Я стал выяснять, набрана ли команда в стройбат. Товарищ при погонах в секретариате сказал, что строителей отправили ещё два дня назад и новых покупателей не предвидится. Мне стало довольно грустно от его слов и тесновато в груди. Я с тоской посмотрел на забор и в то же мгновение услышал: «Нургалиев. Кунцевский РВК. Команда 48. Комната 13». Я перекрестился, посмотрел с тоской на бетонную стену, вспомнил слезы матери и пошел воевать. По дороге я встретил работника своего военкомата и на всякий случай спросил, что это за команда. «Заграница», на бегу ответил тот и растворился в переполненных коридорах Угрешки. «Я и не сомневался», с грустью прошептал я.

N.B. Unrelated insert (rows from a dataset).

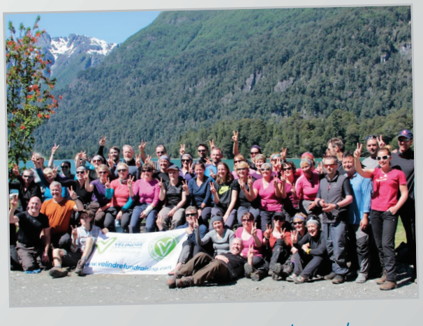
The end of a tough trek
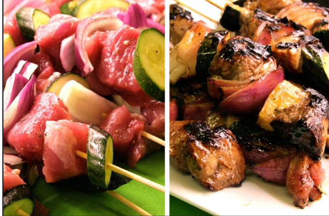
PINEAPPLE GRILLED AND BAKED CHICKEN WITH COCONUT RICE
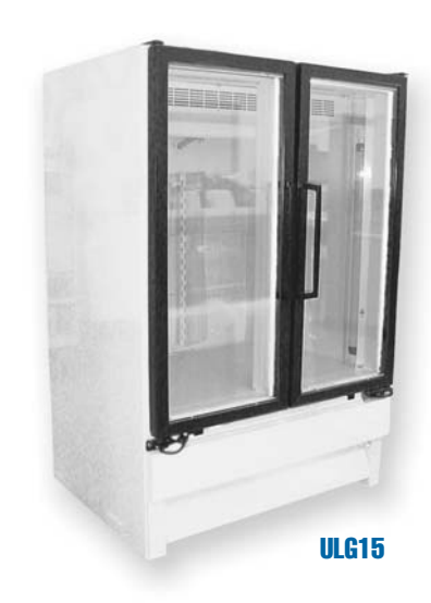
Patented door design eliminates the need for heaters in the door frame
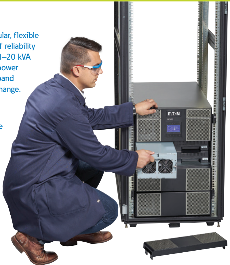
Easy hot-swappable power and battery modules

The plug-and-play power and battery modules are user replaceable so you can add them as needed without a service call or having to put a redundant system in bypass. With its low initial investment, online double-conversion technology, Eaton ABM® technology and high efficiency mode, you never have to compromise reliability for efficiency.
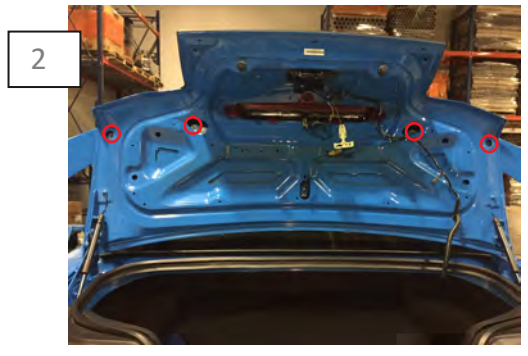
Remove the (4) factory spoiler fasteners and remove it from from car. **Note: An extra set of hands is very helpful when removing the spoiler.
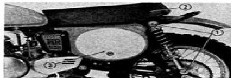
Fig. 4-49 (1) Rear shock absorber securing nut (2) Seat (3) Side cover
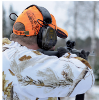
Hunting and sport shooting
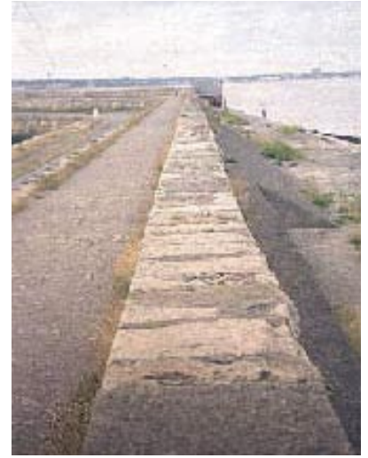
View of 5th kant showing corner with 4th kant. The ground surface of upper and lower walkways is patchy and uneven with extensive vegetation growth.
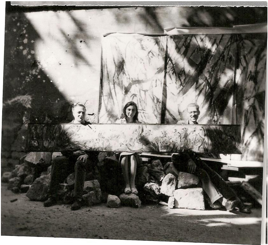
FIGURE N° 9
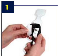
1 Put the bottom section onto the plug as illustrated.

It is a simple, low-cost, machine recyclable solution with the potential to help millions of British people who find removing plugs a daily challenge. Made of durable HDPE, they provide a superb advertising medium.
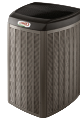
The XC25's cooling output is adjusted in increments as small as 1%, so your energy use and comfort are precise.

Sometimes even small changes yield big results — that's the philosophy behind the Lennox XC25 air conditioner. Utilizing revolutionary Precise Comfort® technology, the XC25 makes tiny, ongoing adjustments in output to keep your air temperature consistent within 0.5 degrees of your thermostat setting.
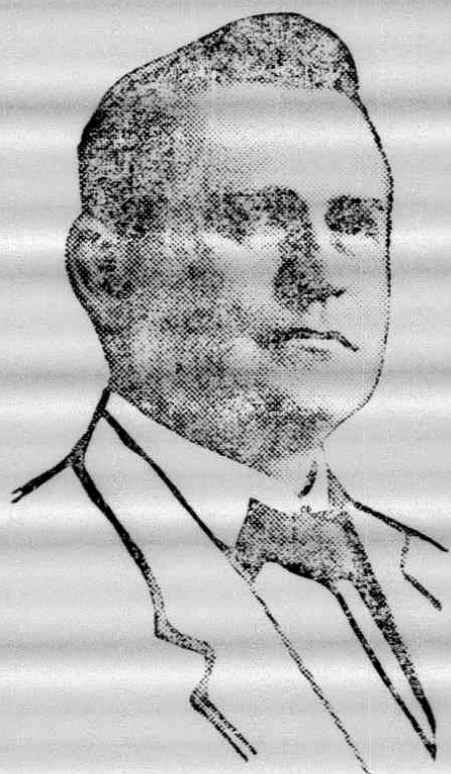
GILLIAM GRISSOM Greensboro, N. C. Republican Candidate for Congress from the 5th District.
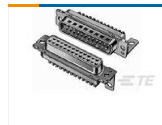
TE Part # 2-1393480-8 V23529B1122B209=SUB D FEDERLEI
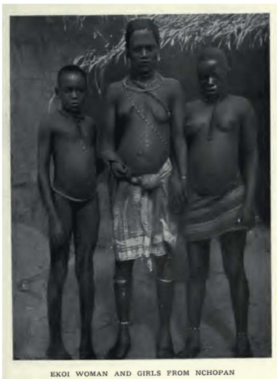
EKOI WOMAN AND GIRLS FROM NCHOPAN
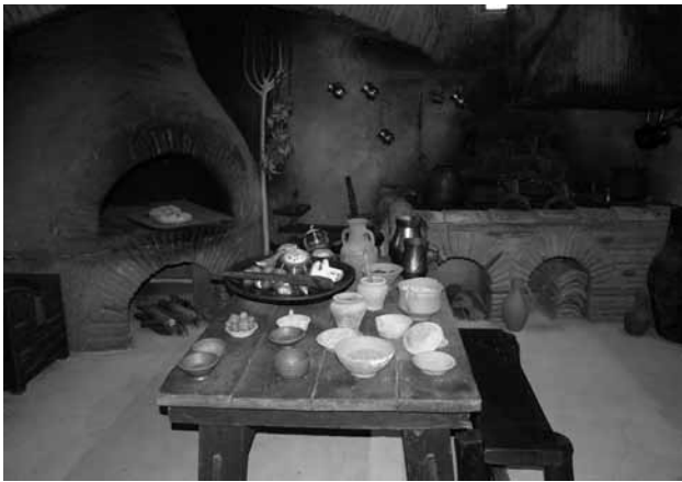
Fig. 3 – The Domus Romana Museum, in Juliobriga, Cantabria.
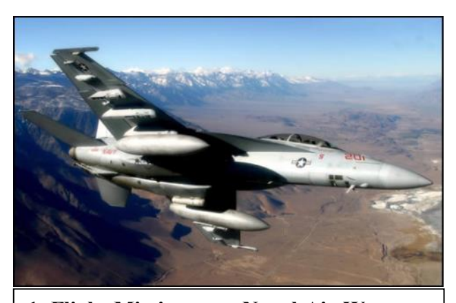
1. Flight Mission over Naval Air Weapons Station China Lake (NAWSCL). An impressive 85 percent of the Navy's research, development, acquisition, test, and evaluation programs are conducted at NAWSCL.

The installation was established as the Naval Ordnance Test Station (NOTS) on November 8, 1943 as a partnership between the Navy and California Institute of Technology for the testing and evaluation of rockets and other aviation ordnance. This partnership and interaction between civilian scientists/engineers and experienced military personnel has made China Lake one of the preeminent RDAT&E institutions in the world.
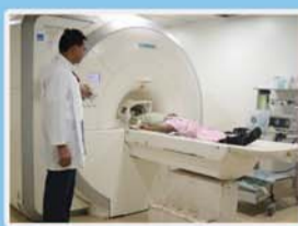
1.5 टेस्ला एम.आर.आई.
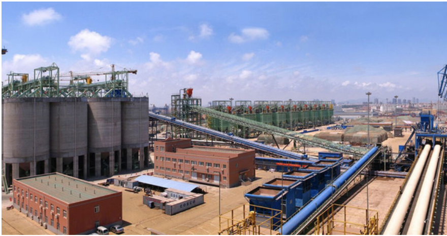
Rizhao Jurong Port Terminal (Rizhao)
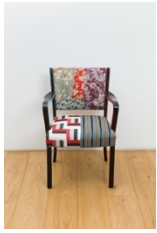
Christabel MacGreevy Patchwork Rework II , 2024 Mixed Media 51 x 50 x 84 cm (CM 068)
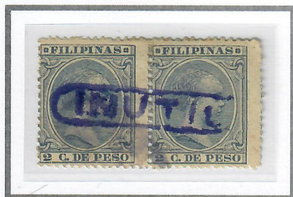
2c Ultramarine (1896) Cliché III – Scott #147
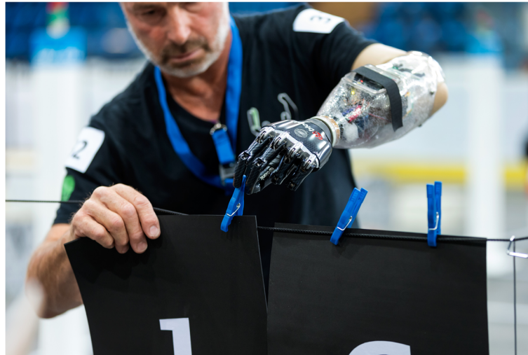
Fig. 2 Pilot with a powered arm prosthesis performing a daily living task. Picture was taken at the Cybathlon rehearsal in July 2015. The pilot on this image as consented to the publication of this image

accepted by physicians and patients for daily clinical routine [12].
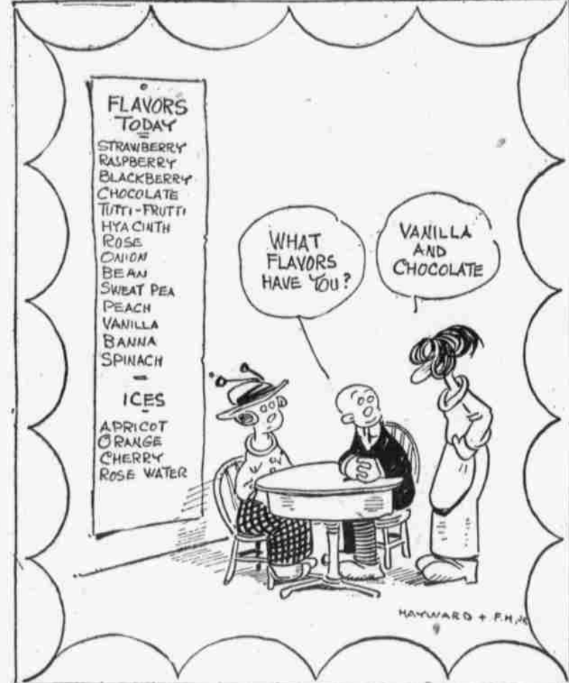
THE PADDED CELL

Absolutely "Has he a sense of fairness?" "Goodness, yes! He can tell them a block away."—Gargoyle.

Я пошел. Так уходят на передовую, перекрестившись, и решив про себя,» будь что будет».

Не успел я войти в комнату набора, как меня окликнул знакомый голос. Я оглянулся. Хозяином «знакомого голоса» оказался Мишка Тугов, староста моей группы по институту. «А его-то за что? — пронеслось у меня в голове, — сын директора Ленинки. Не иначе архив спалил». «А ты-то как здесь?», спрашиваю. «По блату», говорит. «Смерть по блату — это что-то новое», подумал я вслух. «Какая смерть, Нургалиев! Поедем немок щупать. Полек на крайняк. Европа, мать твою!»

К тому времени я точно знал, что людей с пятым пунктом туда не отправляют и подумал, что, вероятно, эта команда будет разделена на две, и одну из них, состоящую преимущественно из нетрадиционных национальностей, обязательно пошлют в Афган. Либо Мишка просто не знал всей правды.

Нас собрали. По одному отвели к парикмахеру. Он стоял как косарь в стогах под ноль остриженных волос. И не успел я вспомнить, сколько проблем со своим «хипповым прикидом» я имел во время своей комсомольской юности, как мой кудрявый почти полуметровый дизайн уже безжизненно валялся на кафельном полу.

Па №3. Пересылка

Вскоре было образовано действительно две команды и обеим надлежало выехать в город Калинин, в пересыльную воинскую часть, ответственную за комплектацию советских войск за рубежом.

Удивительным образом, но с Мишкой мы попали в одну команду. Не иначе в его родословной КГБ обнаружил неправильный ген, подумал я. Но пока не стал пугать его своими предположениями.

На метро нас довезли до Каланчёвки. Там запихнули в электричку и через три или четыре часа мы уже были на месте. Только тут мы поняли, что для выяснения дальнейшей дислокации важен не номер команды, и даже не величина носа, а выданное верхнее обмундирование. Если на третий день пребывания на пересылке выдавали шинели, значит, отправляли в Афган, если бушлаты — то в Европу. Приходилось ждать.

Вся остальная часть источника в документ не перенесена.